Question

Find zero of the quadratic polynomials F(x)=x2/a+b/ac*x/b_1/c

Answer 1

Given:

The quadratic polynomials F(x)=x2/a+b/ac*x/b_1/c

To find:

Find zero of the quadratic polynomials F(x)=x2/a+b/ac*x/b_1/c

Solution:

Given quadratic polynomial,

$F(x)=\dfrac{x^2}{a} + \dfrac{b}{ac} \times \dfrac{x}{b}-\dfrac{1}{c}$

Given equation is a quadratic equation.

The roots of a quadratic equation are given as follows.

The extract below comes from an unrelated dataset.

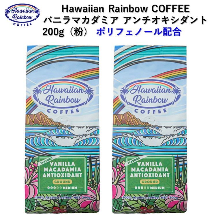 コーヒー ポリフェノール配合 バニラマカダミア アンチオキシダント 200g×2個セット 粉 ハワイアンレインボーコーヒー 中煎り 人気 フレーバーコーヒー 新商品

For an equation, ax² + bx + c = 0

The roots are given by,

$x = \dfrac{-b \pm \sqrt {b^2-4ac}}{2a}$

$F(x)=\dfrac{x^2}{a} + \dfrac{b}{ac} \times \dfrac{x}{b}-\dfrac{1}{c}$

Equating the above equation to zero and solving it, we get

$0=\dfrac{x^2}{a}+\dfrac{b}{ac}\times \dfrac{x}{b}-\dfrac{1}{c}$

$bcx^2+bx-ab=0$

$x=\dfrac{-b+\sqrt{b^2-4bc\left(-ab\right)}}{2bc}:\quad \dfrac{-1+\sqrt{4ac+1}}{2c}\\\\\x=\dfrac{-b-\sqrt{b^2-4bc\left(-ab\right)}}{2bc}:\quad -\dfrac{\sqrt{4ac+1}+1}{2c}$

Therefore the roots of a given polynomial equation are:

$x=\dfrac{-1+\sqrt{4ac+1}}{2c},\:x=-\dfrac{\sqrt{4ac+1}+1}{2c};\quad \:b\ne \:0,\:c\ne \:0$